Ну хорошо, меня заносит. Настоящий Джордж Смит нашел в себе силы подождать. Через несколько дней Роберт Рэди вернулся и проявил свое искусство. Так была открыта самая древняя из записанных историй нашего биологического вида — месопотамский «Эпос о Гильгамеше», составленный ни много ни мало в III тысячелетии до Рождества Христова. Мой вольный пересказ делает ровно то, чем рассказчики занимаются испокон веков: мы, люди, перерабатываем реальность (то, что известно об историческом Джордже Смите[163]) иногда умеренно (как здесь), иногда агрессивно, иногда для пущего драматизма, иногда для потомков, иногда из чистого удовольствия потравить байки. Художественная мотивация тех, кто писал о Гильгамеше — а его история, скорее всего, формировалась множеством голосов на протяжении многих поколений, — неизвестна. Но в этой истории, полной сражений и видений, высокомерия и ревности, злодейства и невинности, действующие лица и их заботы понятны нам через тысячелетия.

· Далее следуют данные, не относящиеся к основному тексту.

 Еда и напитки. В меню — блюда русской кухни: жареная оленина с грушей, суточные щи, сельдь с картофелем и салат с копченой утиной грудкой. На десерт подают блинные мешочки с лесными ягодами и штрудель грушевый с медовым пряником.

Именно это, говоря откровенно, поражает до глубины души. За примерно 5000 лет, прошедших со времени сложения «Гильгамеша», история видела, как раз за разом менялись наши дома и пища, наша жизнь и общение, то, как мы лечились и рожали детей, — и все же мы немедленно узнаем себя в разворачивающемся повествовании. Гильгамеш и его брат по оружию Энкиду пускаются в путь, который станет проверкой их храбрости, моральных качеств и в конечном итоге представления о самих себе — этакая неолитическая версия сюжета фильма «Тельма и Луиза». Ближе к концу путешествия Гильгамеш, стоя над безжизненным телом Энкиду, жалуется в душераздирающих и таких знакомых выражениях: «Закрыл он другу лицо, как невесте, / Сам, как орел, над ним кружит он, / Точно львица, чьи львята — в ловушке,/Мечется грозно взад и вперед он. / Словно кудель, раздирает власы он, / Словно скверну, срывает одежду»[164]. Мне, как и многим, это знакомо. Несколько десятилетий назад я так же метался из угла в угол своей крохотной квартирки, не зная, куда себя деть, и лихорадочно пытался спрятаться от вести о том, что мой отец внезапно умер. Даже через сотни, если не через тысячи поколений у нас много общего с пращурами.

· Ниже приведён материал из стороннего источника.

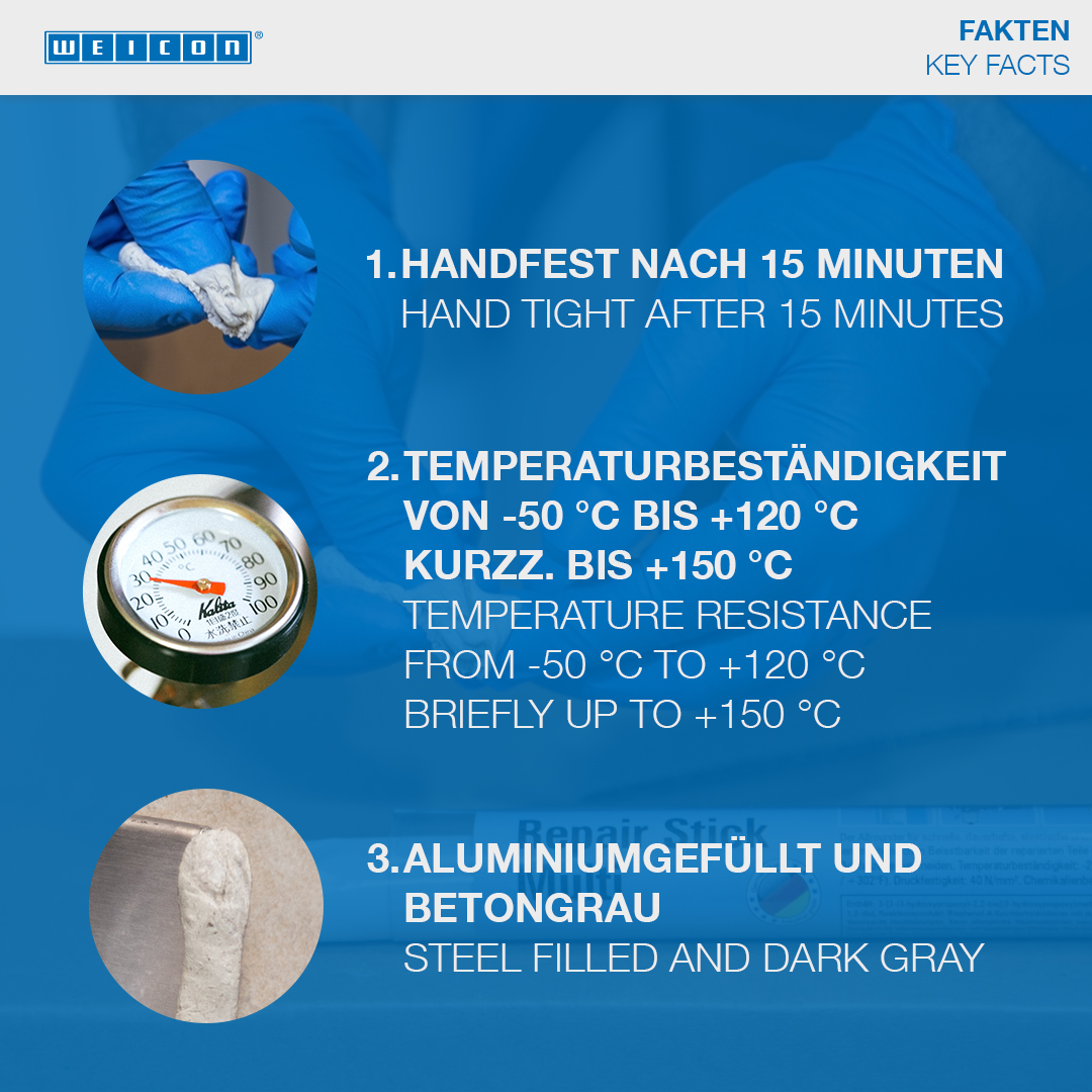 Für schnelle und nicht rostende Reparaturen und Verklebungen von Metallteilen. Zum Ausbessern von Rissen, Löchern, Leckagen und Undichtigkeiten an Karosserien, Getriebegehäusen und Behältern, Fensterrahmen und Profilen, Booten und Modellen. WEICON Repair Stick Aluminium kann im Maschinen- und Anlagenbau, in der Automobilindustrie, im Getriebebau, im Modellbau und in vielen weiteren Bereichen eingesetzt werden.

И дело не только в том, что мы, люди, непрерывно скорбим и оплакиваем, восторгаемся и радуемся, исследуем и удивляемся. Мы разделяем также тягу выразить все это и переработать через рассказ. Возможно, «Гильгамеш» — самая старая из сохранившихся письменных историй, но если 5000 лет назад представители нашего биологического вида уже записывали истории, значит, рассказывали их мы наверняка задолго до этого. Мы всегда это делаем. И всегда делали. Вопрос: почему? Почему мы отказываемся завалить еще одного бизона и кабана или собрать побольше корней и плодов ради того, чтобы провести какое-то время, воображая себе приключения с капризными богами или путешествия в причудливые миры?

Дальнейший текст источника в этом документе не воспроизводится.